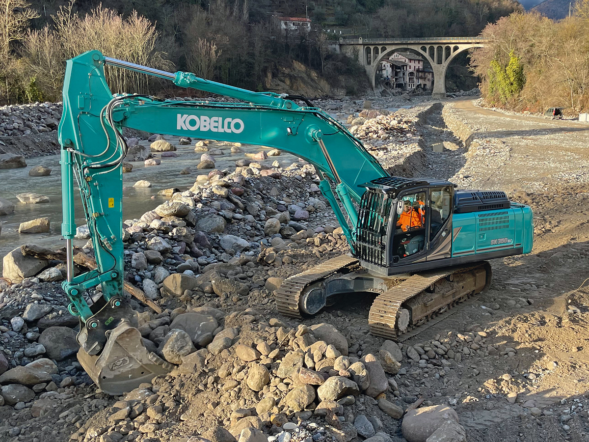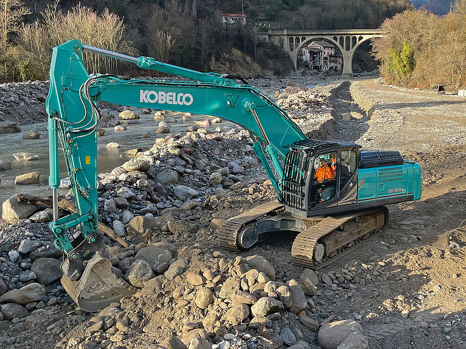 Auf »K-Load«, »K-Eye Pro« und »K-Dive« hören im Übrigen die neuen Assistenz- und Steuerungssysteme von Kobelco, die zu einem effizienteren, vor allem aber auch sichereren Baustellenbetrieb beitragen sollen. Die Echtzeit-Verwiegung »K-Load« ermöglicht dem Baggerführer die nahtlose und unterbrechungsfreie Erfassung der Schaufellast direkt beim Aushub oder in der Beladung von Lkw. Ohne das Risiko von Über- oder Unterladungen werden dadurch Ladevorgänge deutlich beschleunigt. Bereits seit gut einem Jahr bewährt sich das Antikollisions-System »K-Eye Pro« in der japanischen Baupraxis: Drei Präzisionskameras überwachen kontinuierlich das Arbeitsumfeld des Baggers. Eine KI-gestützte Software analysiert die Bilddaten und unterscheidet zuverlässig zwischen ungefährlichen Objekten und gefährdeten Personen. Bewegt sich eine Person in den Gefahrenbereich, löst »K-Eye Pro« einen akustischen und optischen Alarm für Baggerführer und Umfeld aus, reduziert die Ausleger- und Schwenkgeschwindigkeiten und bringt die Maschine falls notwendig zum Stillstand. Sie brachte Kobelco übrigens ins Finale um den Bauma-Innovationspreis 2025; auf der Messe wird sie live und mit Zugriff auf reale Maschinen in Europa und Übersee präsentiert: die Kobelco-Fernsteuerungsplattform »K-Dive«. Mehrere Jahre Entwicklung stecken in dem System, das über ein 1:1-Bagger-Cockpit mit zahlreichen Bildschirmen und Echtzeit-Transfer aller Betriebsdaten und Steuerbefehle die vollständige und präzise Fernsteuerung von Kobelco-Baggern mit den unterschiedlichsten Arbeitsausrüstungen ermöglicht.d
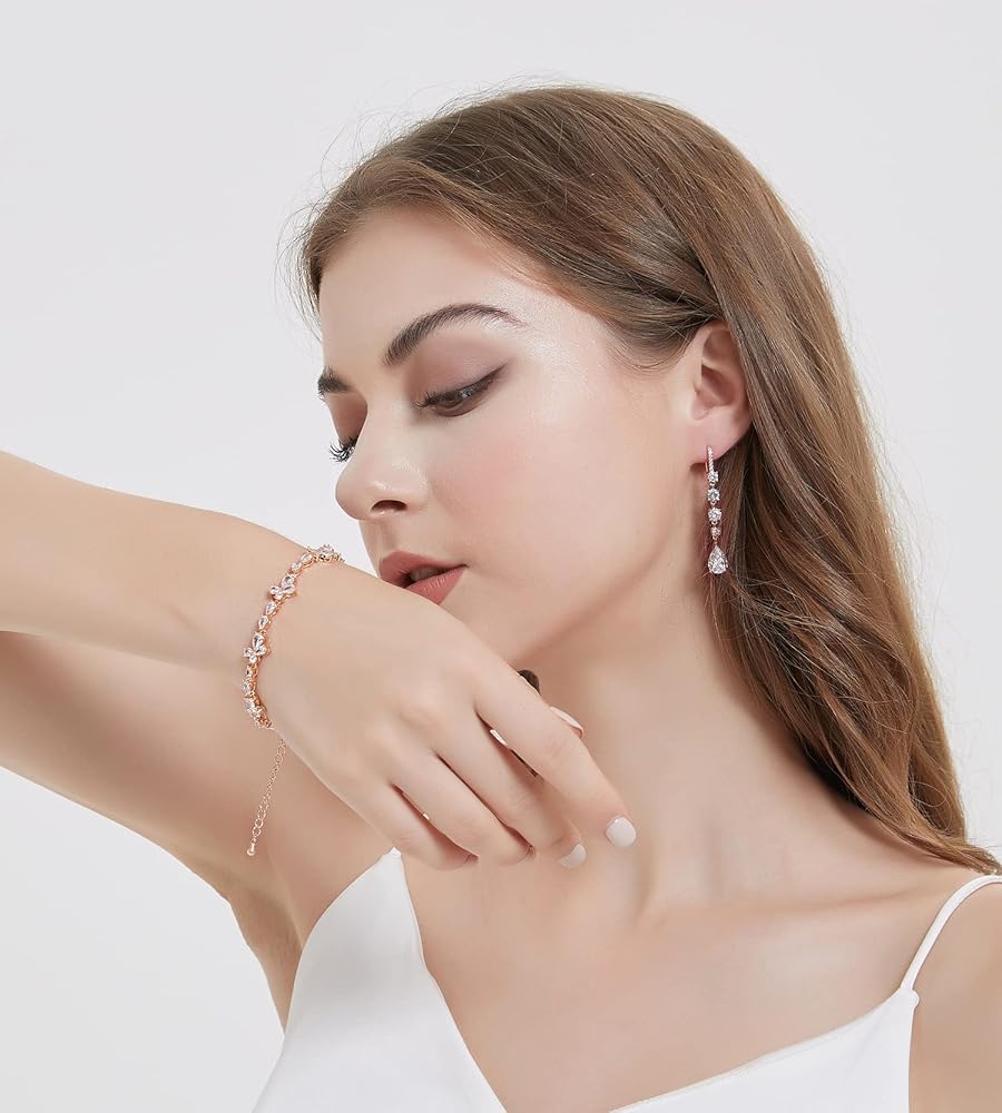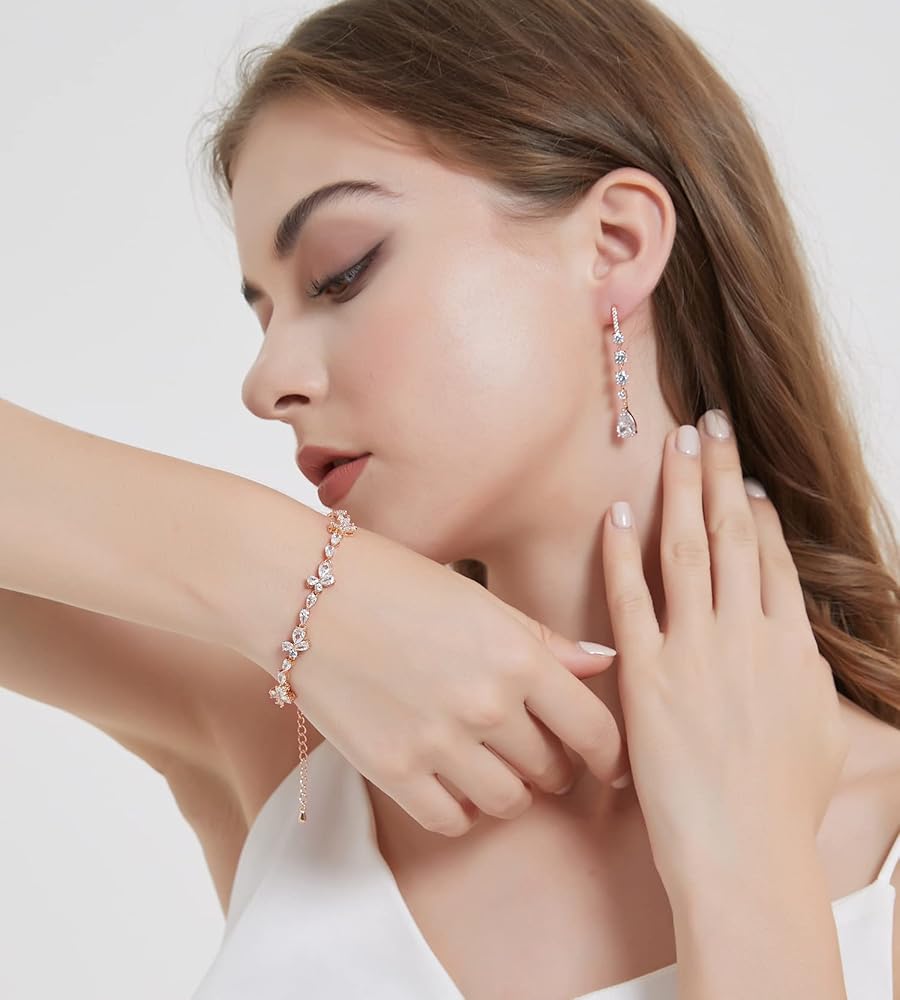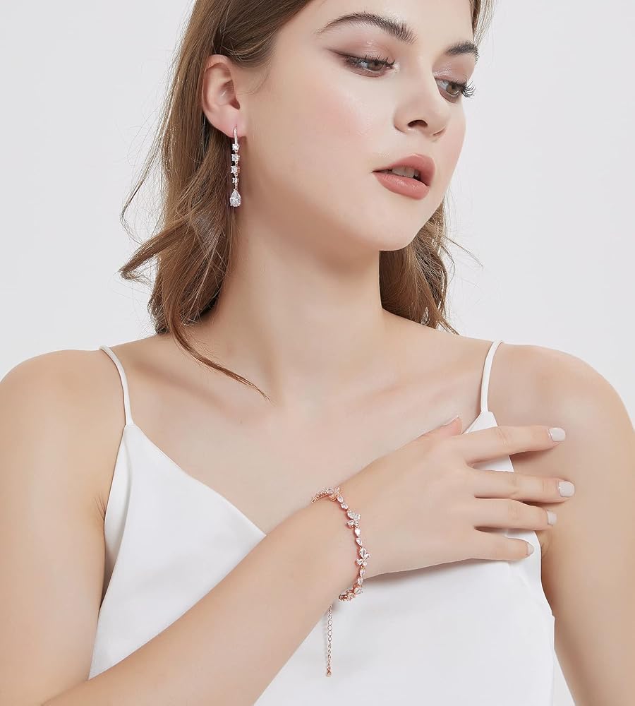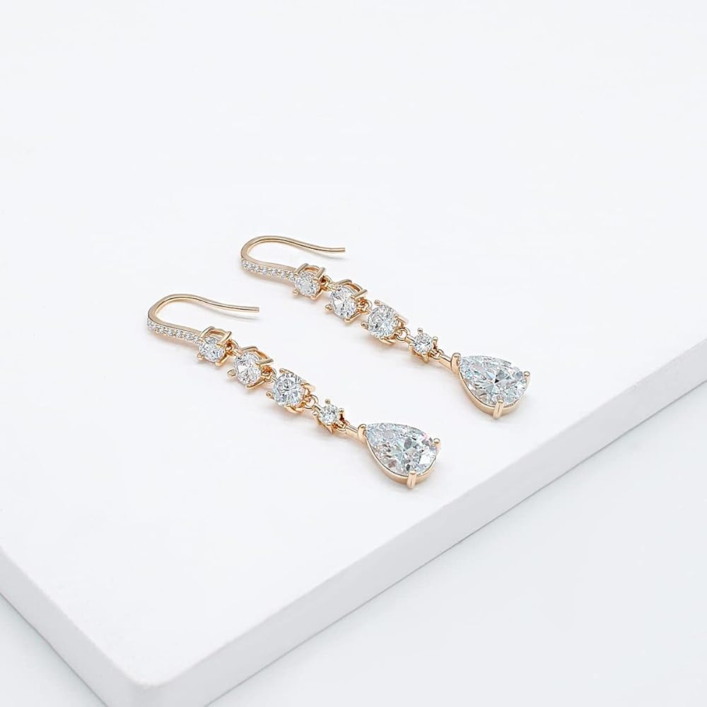 مجموعة مجوهرات من الأقراط المتدلية على شكل دمعة من الزركونيا المكعبة؛
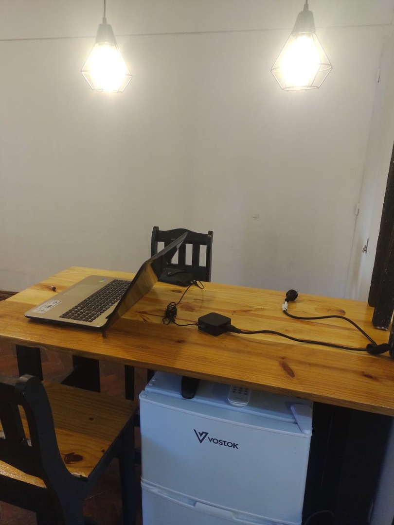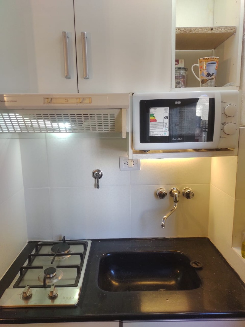 El departamento está completamente amoblado y equipado. Es silencioso y con buena iluminación gracias a amplias ventanas en piso medio. Cuenta con cama matrimonial con mesita de luz y lámpara. La cocina está amoblada con alacena, bajo mesada y mesa con taburetes, y completamente equipada con anafe a gas de dos hornallas, heladera pequeña y vajilla. El baño es completo con bañera y tiene ventilación natural. Tiene también un amplio placard doble empotrado con mucho espacio de guardado. Cuenta con aire acondicionado frío/calor y TV con Chromescast. .
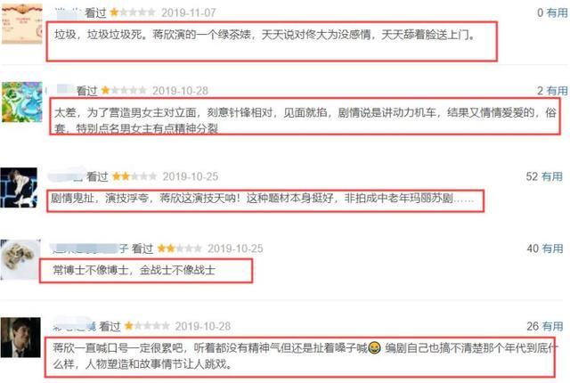 不少人直接打了一星差评,他们不满的原因主要有三点。第一,剧情不真实,他们认为这里面的剧情太接近现代风格了。二、蒋欣、佟大为把一部年代剧演成了玛丽苏剧。三,蒋欣把金灿烂演出了华妃的特色。众所周知,蒋欣是大器晚成,凭借《甄嬛传》华妃一角成功走红。然而此后,蒋欣却被华妃这个标签困扰着,演什么都像华妃。
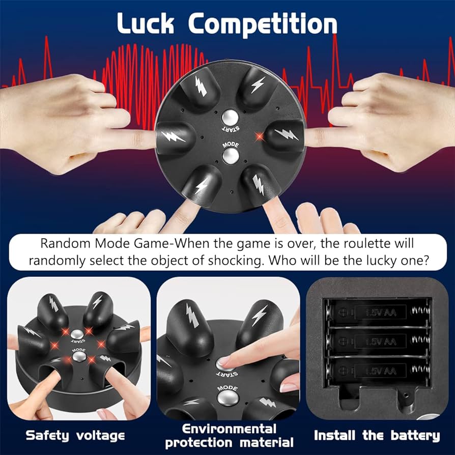 Настольная игра электрошокер, вы могли не раз видеть ее в тренда ТикТок. Развлечение как для двоих так и для небольшой компанией, сыграв в нашу настолку вы сможете подарить себе не только весёлое времяпрепровождение, но и настоящий прилив адреналина. В игре могут участвовать от 2 до 6 игроков, с помощью дополнительной кнопки вы можете менять кол-во игроков среди которых будет разыгрываться удар током. Безопасное напряжение, безвредное для человеческого организма, не влияет на здоровье человека, можно играть даже детям. Разряд тока не сильный, наоборот вызывает смех у участника за счет покалывания пальца. Игра идеально подходит для развлечения как в кругу семьи, так и в компании друзей. Принцип настольной игры рулетка: 6 отверстий для игроков. Игроки помещают в них пальцы, наживаете кнопку старт для запуска игры рулетки. Устройство воспроизводит игровой звук рулетки во время выбора игрока. Как только звук прекратится, один из игроков рандомно получает удар тока. Детская игра понравилась подросткам школьного возраста и студентам. Необычная игра для компании друзей - это лучший подарок, настолка для мальчиков и девочек. Соберите компанию и отправляйтесь в увлекательное путешествие по миру приколюх с электрошокером-рулеткой! Если вы думаете, что единственная алкогольная игра это бирпонг, то нет, наша настольная игра так же может скрасить ваш увлекательный вечер, проигравший пьет! Получите радость, веселье и незабываемые впечатления с этой интересной игрой! Веселая игра для мужчин и женщин. Работает от пальчиквых батареек АА х 3 шт., в комплекте не поставляются. Бери данную игру на отдых на природе, для пикника и на дачу к родителям. Особенно в школе, подросткам нравится игра - смешные прикольные веселые часы вам обеспечены. Можно взять собой даже в дорогу.

---+---

Assigned task
The entire listing above, minus its pictures, should be copied out exactly.

Output of the task
 Auf »K-Load«, »K-Eye Pro« und »K-Dive« hören im Übrigen die neuen Assistenz- und Steuerungssysteme von Kobelco, die zu einem effizienteren, vor allem aber auch sichereren Baustellenbetrieb beitragen sollen. Die Echtzeit-Verwiegung »K-Load« ermöglicht dem Baggerführer die nahtlose und unterbrechungsfreie Erfassung der Schaufellast direkt beim Aushub oder in der Beladung von Lkw. Ohne das Risiko von Über- oder Unterladungen werden dadurch Ladevorgänge deutlich beschleunigt. Bereits seit gut einem Jahr bewährt sich das Antikollisions-System »K-Eye Pro« in der japanischen Baupraxis: Drei Präzisionskameras überwachen kontinuierlich das Arbeitsumfeld des Baggers. Eine KI-gestützte Software analysiert die Bilddaten und unterscheidet zuverlässig zwischen ungefährlichen Objekten und gefährdeten Personen. Bewegt sich eine Person in den Gefahrenbereich, löst »K-Eye Pro« einen akustischen und optischen Alarm für Baggerführer und Umfeld aus, reduziert die Ausleger- und Schwenkgeschwindigkeiten und bringt die Maschine falls notwendig zum Stillstand. Sie brachte Kobelco übrigens ins Finale um den Bauma-Innovationspreis 2025; auf der Messe wird sie live und mit Zugriff auf reale Maschinen in Europa und Übersee präsentiert: die Kobelco-Fernsteuerungsplattform »K-Dive«. Mehrere Jahre Entwicklung stecken in dem System, das über ein 1:1-Bagger-Cockpit mit zahlreichen Bildschirmen und Echtzeit-Transfer aller Betriebsdaten und Steuerbefehle die vollständige und präzise Fernsteuerung von Kobelco-Baggern mit den unterschiedlichsten Arbeitsausrüstungen ermöglicht.d
 مجموعة مجوهرات من الأقراط المتدلية على شكل دمعة من الزركونيا المكعبة؛
 El departamento está completamente amoblado y equipado. Es silencioso y con buena iluminación gracias a amplias ventanas en piso medio. Cuenta con cama matrimonial con mesita de luz y lámpara. La cocina está amoblada con alacena, bajo mesada y mesa con taburetes, y completamente equipada con anafe a gas de dos hornallas, heladera pequeña y vajilla. El baño es completo con bañera y tiene ventilación natural. Tiene también un amplio placard doble empotrado con mucho espacio de guardado. Cuenta con aire acondicionado frío/calor y TV con Chromescast. .
 不少人直接打了一星差评,他们不满的原因主要有三点。第一,剧情不真实,他们认为这里面的剧情太接近现代风格了。二、蒋欣、佟大为把一部年代剧演成了玛丽苏剧。三,蒋欣把金灿烂演出了华妃的特色。众所周知,蒋欣是大器晚成,凭借《甄嬛传》华妃一角成功走红。然而此后,蒋欣却被华妃这个标签困扰着,演什么都像华妃。
 Настольная игра электрошокер, вы могли не раз видеть ее в тренда ТикТок. Развлечение как для двоих так и для небольшой компанией, сыграв в нашу настолку вы сможете подарить себе не только весёлое времяпрепровождение, но и настоящий прилив адреналина. В игре могут участвовать от 2 до 6 игроков, с помощью дополнительной кнопки вы можете менять кол-во игроков среди которых будет разыгрываться удар током. Безопасное напряжение, безвредное для человеческого организма, не влияет на здоровье человека, можно играть даже детям. Разряд тока не сильный, наоборот вызывает смех у участника за счет покалывания пальца. Игра идеально подходит для развлечения как в кругу семьи, так и в компании друзей. Принцип настольной игры рулетка: 6 отверстий для игроков. Игроки помещают в них пальцы, наживаете кнопку старт для запуска игры рулетки. Устройство воспроизводит игровой звук рулетки во время выбора игрока. Как только звук прекратится, один из игроков рандомно получает удар тока. Детская игра понравилась подросткам школьного возраста и студентам. Необычная игра для компании друзей - это лучший подарок, настолка для мальчиков и девочек. Соберите компанию и отправляйтесь в увлекательное путешествие по миру приколюх с электрошокером-рулеткой! Если вы думаете, что единственная алкогольная игра это бирпонг, то нет, наша настольная игра так же может скрасить ваш увлекательный вечер, проигравший пьет! Получите радость, веселье и незабываемые впечатления с этой интересной игрой! Веселая игра для мужчин и женщин. Работает от пальчиквых батареек АА х 3 шт., в комплекте не поставляются. Бери данную игру на отдых на природе, для пикника и на дачу к родителям. Особенно в школе, подросткам нравится игра - смешные прикольные веселые часы вам обеспечены. Можно взять собой даже в дорогу.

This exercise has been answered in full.